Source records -

*-*-*

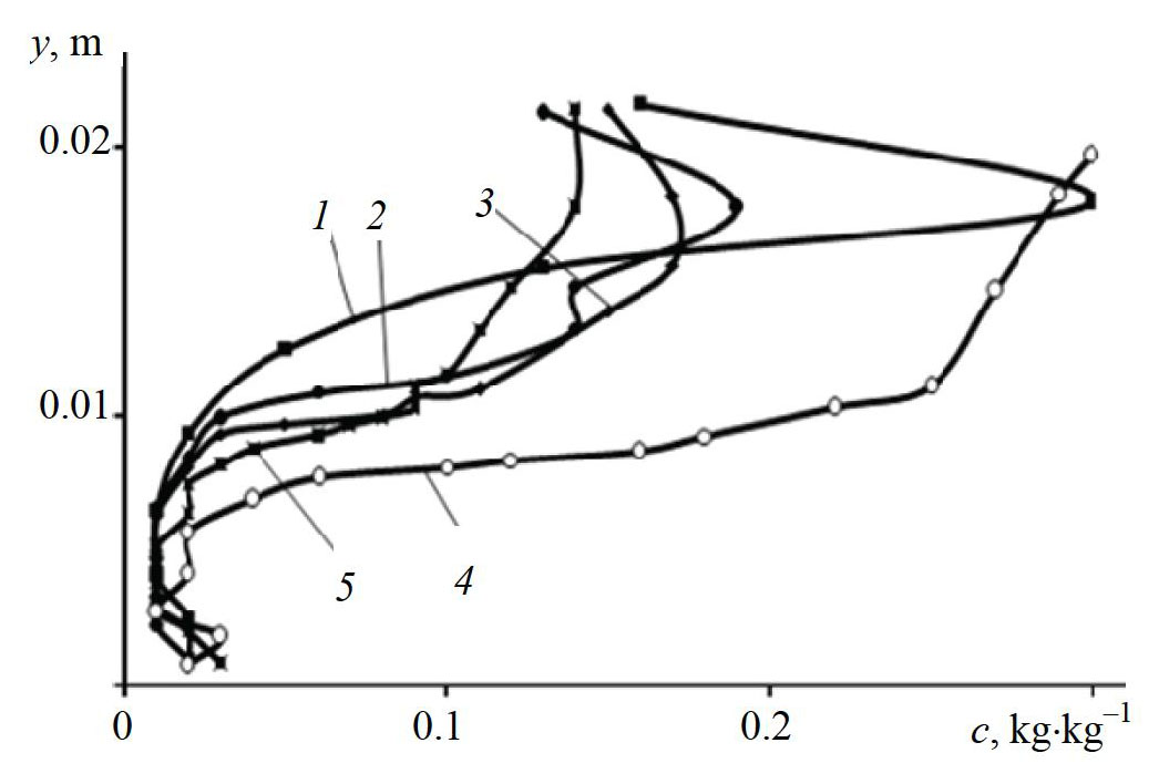 In the profiles (Fig. 8) for flows with momentum action, a zone of high concentration gradient of test particles is clearly visible, the dislocation of which in the flow volume completely coincides with the location of zones of intense shear deformation (Fig. 6) and a high gradient of the volume fraction of voids (Fig. 7). With an increase in the intensity of the momentum effect, the zone of extreme values of velocity gradients, volume fraction of voids and concentration of the test component deepens without reducing the magnitude of the gradients (curves 2–4 in Figs. 6–8). However, as the zone approaches the base of the bed at a distance equal to approximately two particle diameters and a further increase in the intensity of the momentum action, signs of impending destruction of the zone are observed (curves 5 in Figs. 6-8). First of all, the destruction of the zone is evidenced by a sharp decrease in the velocity gradients, the volume fraction of voids and the concentration of the test component and a shift in the extreme values of the gradients towards the upper boundary of the flow.
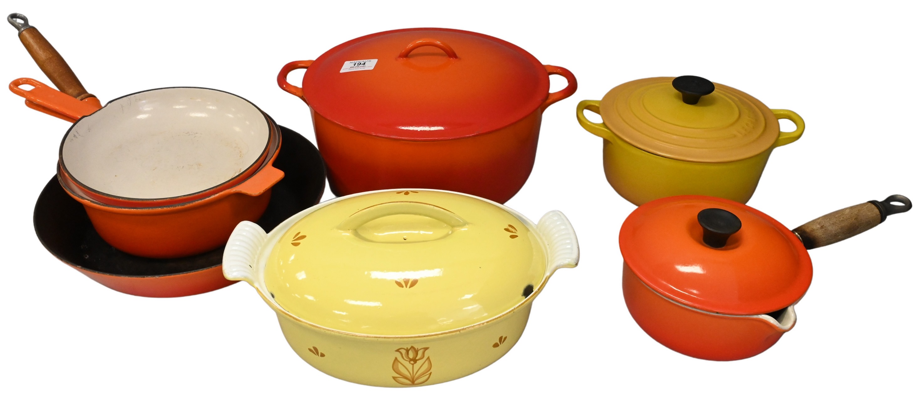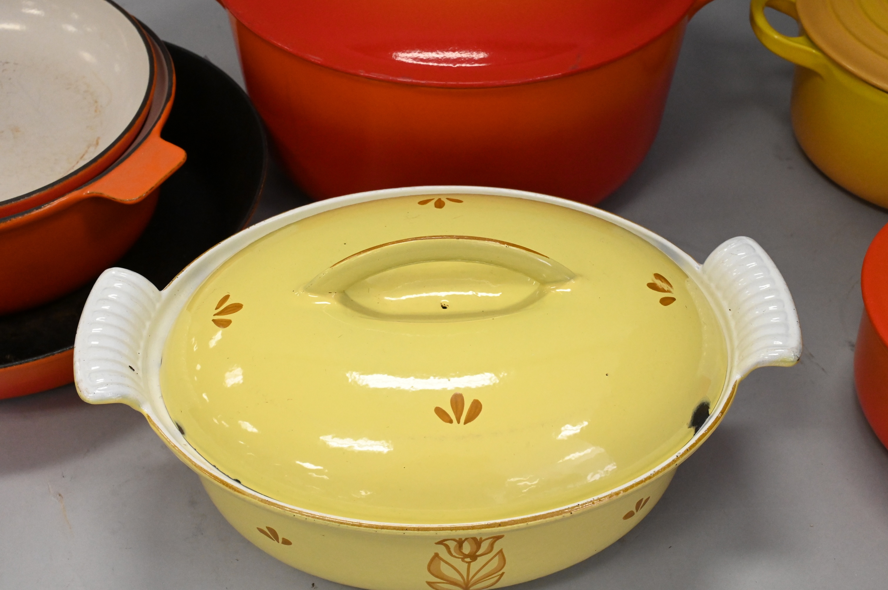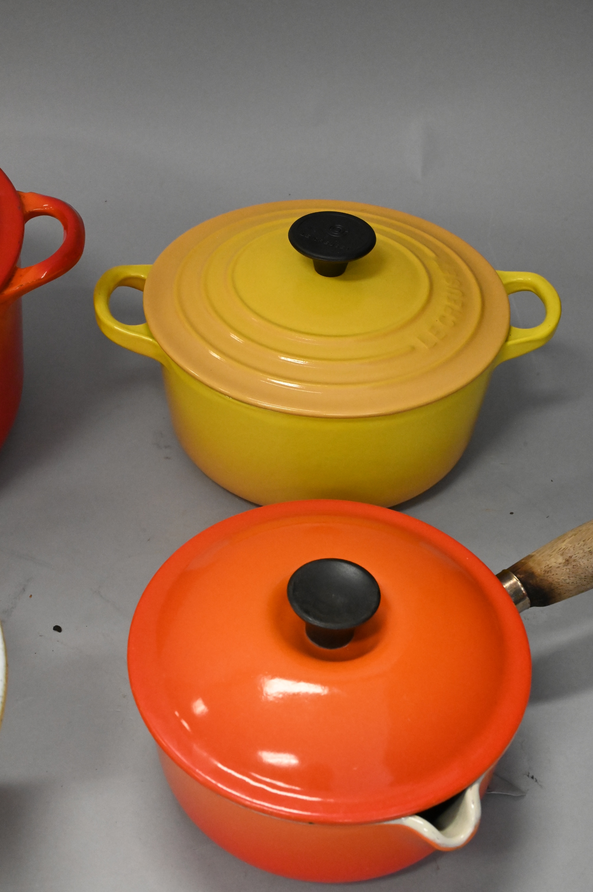Group of Enameled Cookware, to include Le Creuset covered pots, pans, etc.. largest pot height 5 inches, diameter 11 inches.
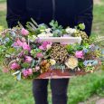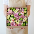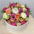 Фрезии и розы с макарунами в коробке
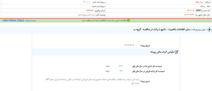بر اساس انتشار گزارش افشای اطلاعات بااهمیت - (سایر اطلاعات بااهمیت - نتایج شرکت در مناقصه- گروه ب) منتهی به سال مالی ۱۴۰۴/۱۲/۲۹ وحافظ مشخص شد.
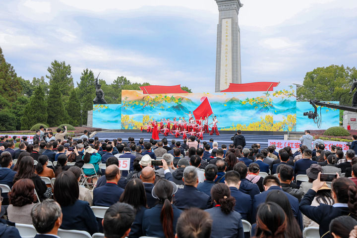 時值深秋,漫山盡染,位于湖北東北部、大別山南麓的紅安縣黃麻起義和鄂豫皖蘇區紀念園里,松柏蒼翠,紅旗飄揚,紀念碑巍然矗立,眾人深情凝視,莊嚴而肅穆……
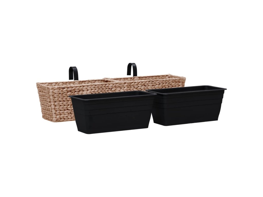 Tato sada hezkých truhlíků obsahuje 2 truhlíky zhotovené z vodního hyacintu a 4 vyjímatelné květináče.

*-*-*

What you are asked to do - Repeat exactly the lines from the one containing "時值深秋,漫山盡染,位于湖北" to the last line of the data above, both included, and write no pictures into the copy.

Solution to this problem -
 時值深秋,漫山盡染,位于湖北東北部、大別山南麓的紅安縣黃麻起義和鄂豫皖蘇區紀念園里,松柏蒼翠,紅旗飄揚,紀念碑巍然矗立,眾人深情凝視,莊嚴而肅穆……
 Tato sada hezkých truhlíků obsahuje 2 truhlíky zhotovené z vodního hyacintu a 4 vyjímatelné květináče.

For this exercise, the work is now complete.